Pradhan Priyabrata, Rai Vineet Kumar, Halder Jitu, Kar Durgamadhab, Prusty Shakti Ketan, Rout Saroj Kumar, Manoharadas Salim, Palanisamy Subramanian, Dash Priyanka, Das Chandan, Kar Biswakanth, Ghosh Goutam, Rath Goutam
School of Pharmaceutical Sciences, Siksha 'O' Anusandhan (Deemed to Be University), Kalinga Nagar, Bhubaneswar, 751030, Odisha, India.
LNK International Inc, Hauppauge, New York, 11788, USA.
AAPS PharmSciTech. 2025 May 6;26(5):124. doi: 10.1208/s12249-025-03119-2.
The present study focuses on developing and optimising chitosan nanoparticles containing quercetin-β-cyclodextrin inclusion complex (QNPs) using the nanoprecipitation method to enhance quercetin's solubility, stability, and bioavailability. A comprehensive optimization study revealed that Batch B6, which utilized ethanol as the solvent, poloxamer 188 as the stabilizer, and chitosan at a concentration of 0.2% (w/v), exhibits optimal characteristics required for providing a stable colloidal system. The prepared nanoparticles were characterized for their physicochemical properties using FTIR, DSC, X-ray Diffraction, and SEM, which confirmed the successful inclusion of quercetin within the β-cyclodextrin complex and the reduction in crystallinity. In-vitro drug release studies demonstrated a controlled release profile for QNPs compared to free quercetin and the inclusion complex. Pharmacokinetic evaluation in mice via oral administration revealed a significant enhancement in systemic circulation and brain uptake, with QNPs showing a peak plasma concentration of 6.5 µg/mL at 2 h and a brain concentration of 3.5 µg/g at 4 h, indicating improved bioavailability and prolonged retention.
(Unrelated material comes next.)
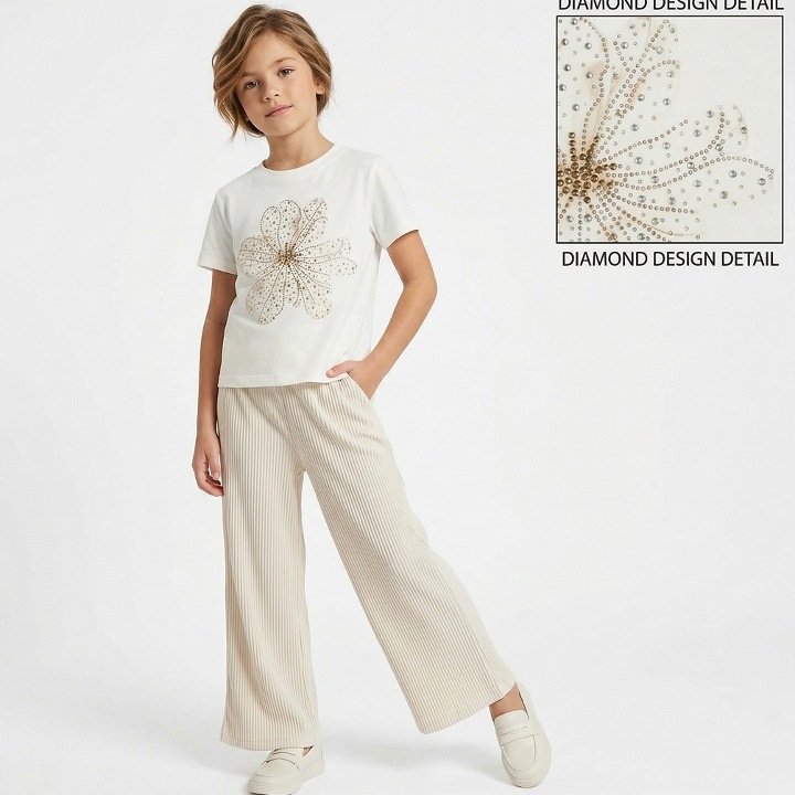 co2 gold Girls Two Piece Diamante Flower T-Shirt & Culottes Set (4-7Y) Girls Two Piece Diamante Flowe...

In the Pentylenetetrazole and Kainic acid-induced epilepsy mice model, QNP significantly reduced seizure duration, frequency of seizures, and severity scores favoured the QNP formulation over free quercetin. QNPs also exhibited a significant neuroprotective effect by enhancing antioxidant enzyme levels such as superoxide dismutase, catalase, and glutathione reductase in brain tissue. Furthermore, Na⁺/K⁺-ATPase activity was significantly preserved in QNP-treated groups, indicating membrane stability and reduced neuronal excitability. These findings suggest that QNPs offer a promising strategy for enhancing quercetin's therapeutic efficacy in neurological disorders such as epilepsy.
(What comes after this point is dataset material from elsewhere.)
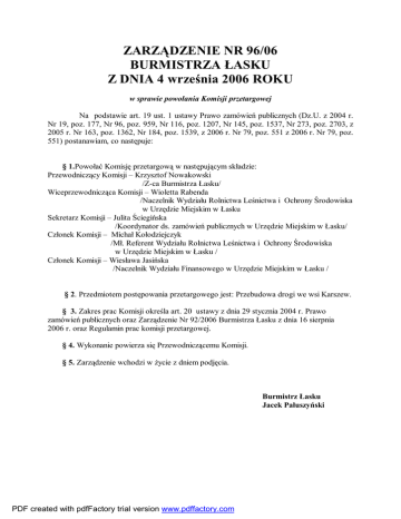 ZARZĄDZENIE NR 96/06 BURMISTRZA ŁASKU Z DNIA 4 września 2006 ROKU w sprawie powołania Komisji przetargowej Na podstawie art. 19 ust. 1 ustawy Prawo zamówień publicznych (Dz.U. z 2004 r. Nr 19, poz. 177, Nr 96, poz. 959, Nr 116, poz. 1207, Nr 145, poz. 1537, Nr 273, poz. 2703, z 2005 r. Nr 163, poz. 1362, Nr 184, poz. 1539, z 2006 r. Nr 79, poz. 551 z 2006 r. Nr 79, poz. 551) postanawiam, co następuje: § 1.Powołać Komisję przetargową w następującym składzie: Przewodniczący Komisji – Krzysztof Nowakowski /Z-ca Burmistrza Łasku/ Wiceprzewodnicząca Komisji – Wioletta Rabenda /Naczelnik Wydziału Rolnictwa Leśnictwa i Ochrony Środowiska w Urzędzie Miejskim w Łasku Sekretarz Komisji – Julita Ściegińska /Koordynator ds. zamówień publicznych w Urzędzie Miejskim w Łasku/ Członek Komisji – Michał Kołodziejczyk /Mł. Referent Wydziału Rolnictwa Leśnictwa i Ochrony Środowiska w Urzędzie Miejskim w Łasku / Członek Komisji – Wiesława Jasińska /Naczelnik Wydziału Finansowego w Urzędzie Miejskim w Łasku / § 2. Przedmiotem postępowania przetargowego jest: Przebudowa drogi we wsi Karszew. § 3. Zakres prac Komisji określa art. 20 ustawy z dnia 29 stycznia 2004 r. Prawo zamówień publicznych oraz Zarządzenie Nr 92/2006 Burmistrza Łasku z dnia 16 sierpnia 2006 r. oraz Regulamin prac komisji przetargowej. § 4. Wykonanie powierza się Przewodniczącemu Komisji. § 5. Zarządzenie wchodzi w życie z dniem podjęcia. Burmistrz Łasku Jacek Pałuszyński PDF created with pdfFactory trial version www.pdffactory.com

本研究聚焦于采用纳米沉淀法开发并优化含有槲皮素-β-环糊精包合物(QNPs)的壳聚糖纳米颗粒,以提高槲皮素的溶解度、稳定性和生物利用度。一项全面的优化研究表明,批次B6利用乙醇作为溶剂、泊洛沙姆188作为稳定剂以及浓度为0.2%(w/v)的壳聚糖,展现出提供稳定胶体系统所需的最佳特性。使用傅里叶变换红外光谱(FTIR)、差示扫描量热法(DSC)、X射线衍射和扫描电子显微镜(SEM)对制备的纳米颗粒进行了物理化学性质表征,证实槲皮素成功包合在β-环糊精复合物中且结晶度降低。体外药物释放研究表明,与游离槲皮素和包合物相比,QNPs具有控释特性。通过口服给药对小鼠进行的药代动力学评估显示,全身循环和脑摄取显著增强,QNPs在2小时时血浆峰值浓度为6.5μg/mL,4小时时脑浓度为3.5μg/g,表明生物利用度提高且保留时间延长。在戊四氮和 kainic 酸诱导的癫痫小鼠模型中,QNP 显著缩短了癫痫发作持续时间、发作频率,且严重程度评分表明 QNP 制剂优于游离槲皮素。QNPs 还通过提高脑组织中超氧化物歧化酶、过氧化氢酶和谷胱甘肽还原酶等抗氧化酶水平,表现出显著的神经保护作用。此外,在 QNP 治疗组中,Na⁺/K⁺-ATP 酶活性得到显著保留,表明膜稳定性和神经元兴奋性降低。这些发现表明,QNPs 为提高槲皮素在癫痫等神经系统疾病中的治疗效果提供了一种有前景的策略。